2011-12-12 Thread Edward Ned Harvey
> From: zfs-discuss-boun...@opensolaris.org [mailto:zfs-discuss-
> boun...@opensolaris.org] On Behalf Of Thomas Nau
> 
> We use a STEC ZeusRAM as a log device for a 200TB RAID-Z2 pool.
> As they are supposed to be read only after a crash or when booting and
> those nice things are pretty expensive I'm wondering if mirroring
> the log devices is a "must / highly recommended"

Assuming you're running a recent version of zfs (zpool > 20 or so)...

The decision to mirror or not to mirror the log device hinges around one
single solitary failure condition...

In normal operation, a log device is write only.  Never gets read until
after an ungraceful system crash.  Unfortunately, it is sometimes possible
for flash memory to enter a failure state which is undetected by writes, and
only detected upon reads.  In this state, you effectively have no log
device, but you think you do.  If you're in that failure state and you have
an ungraceful crash, then you lose whatever you thought you had in the log.

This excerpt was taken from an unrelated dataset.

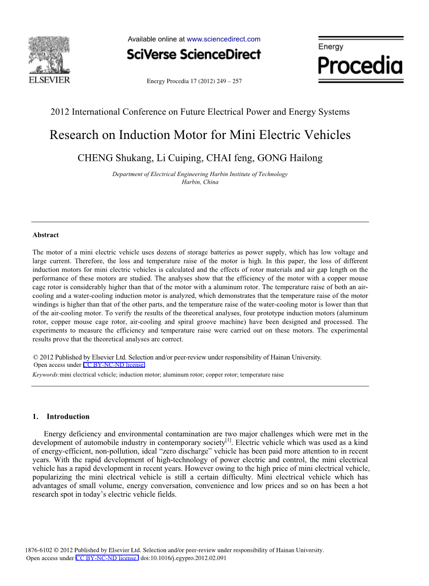 关键词:微型电动车;感应电机;铝转子;铜转子;温升

Maybe it will help if you periodically remove the log device, and then read
& write the whole log device to verify it's operational (be sure to actually
detect failures if any) and then re-add the log device to the pool.  Seems
logical.  Probably nobody's ever tested it.

If you have a failed unmirrored log device at the same time as an ungraceful
system crash, then you lose data.  (Up to 30 sec, or 5 sec worth, depending
on your system.)

Your decision to mirror or not to mirror all hinges around your fear of the
aforementioned coincidence of log device failure & ungraceful system crash.
Bear in mind, that mirroring does not eliminate the possibility of both log
devices being in the same undetected failure state.  It doesn't eliminate
the problem, only reduces the probability.